Content starts

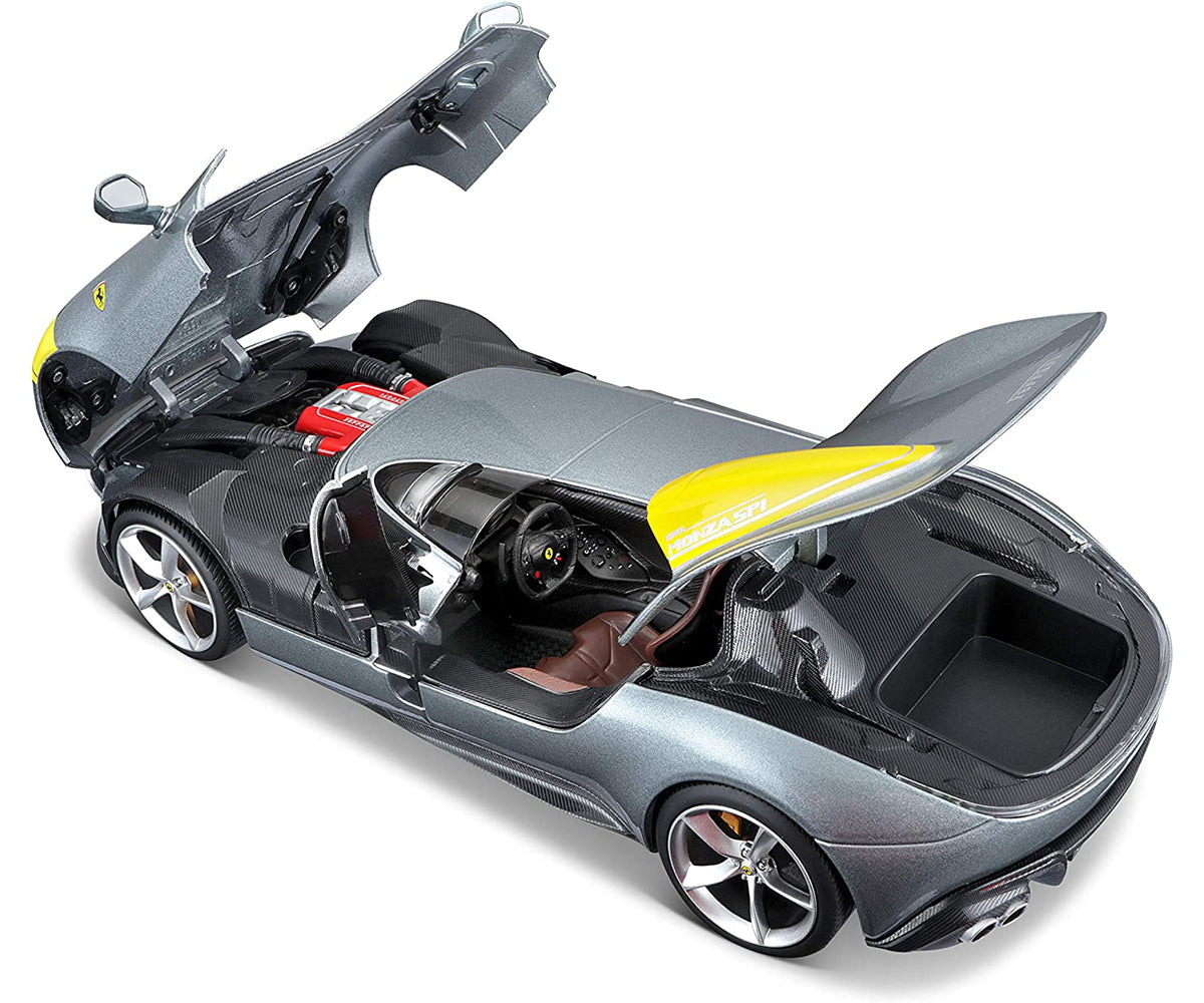 This Ferrari Monza SP1 diecast model is silver and features working wheels. It is made by Bburago and is 1:18 scale (approx. 28cm / 11in long).
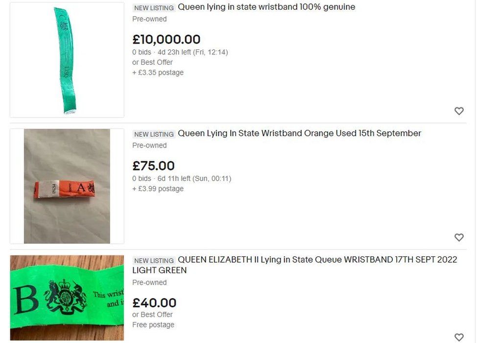 eBay interzice vânzarea brățărilor pentru a sta în coadă pentru a o vedea pe regină. Vânzătorii ofereau benzile colorate de hârtie, care marchează locul celor îndoliați în coadă ca suveniruri, scrie BBC.
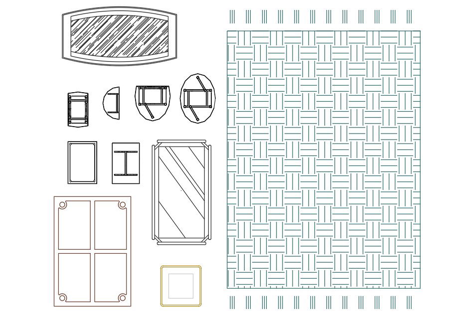The AutoCAD drawing of DWG file having detail of floor carpet and and table top view design that use in dining area, living room, drawing room and family lounge. download free AutoCAD blocks library DWG file.
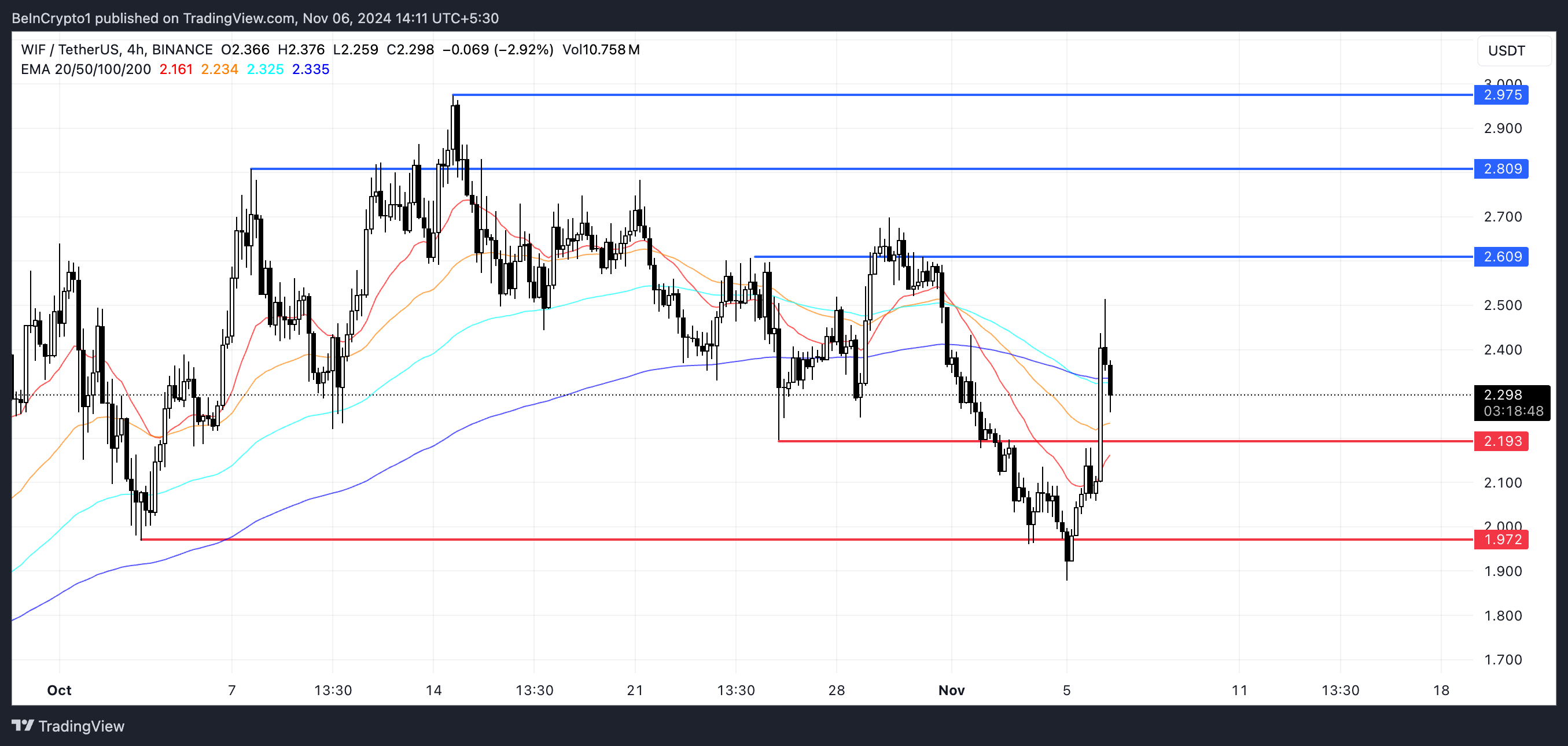 Kung maganap ang bullish crossover na ito, maaaring layunin ng presyo ng WIF na tumagos sa mga antas ng resistensya sa paligid ng $2.6, $2.8, at $2.97, na nagmamarka ng potensyal na 30% na paglago ng presyo.

Content ends

> [Task requirements]: Return the listing above in full and exactly, omitting all pictures.

> [Written reply]:
 This Ferrari Monza SP1 diecast model is silver and features working wheels. It is made by Bburago and is 1:18 scale (approx. 28cm / 11in long).
 eBay interzice vânzarea brățărilor pentru a sta în coadă pentru a o vedea pe regină. Vânzătorii ofereau benzile colorate de hârtie, care marchează locul celor îndoliați în coadă ca suveniruri, scrie BBC.
The AutoCAD drawing of DWG file having detail of floor carpet and and table top view design that use in dining area, living room, drawing room and family lounge. download free AutoCAD blocks library DWG file.
 Kung maganap ang bullish crossover na ito, maaaring layunin ng presyo ng WIF na tumagos sa mga antas ng resistensya sa paligid ng $2.6, $2.8, at $2.97, na nagmamarka ng potensyal na 30% na paglago ng presyo.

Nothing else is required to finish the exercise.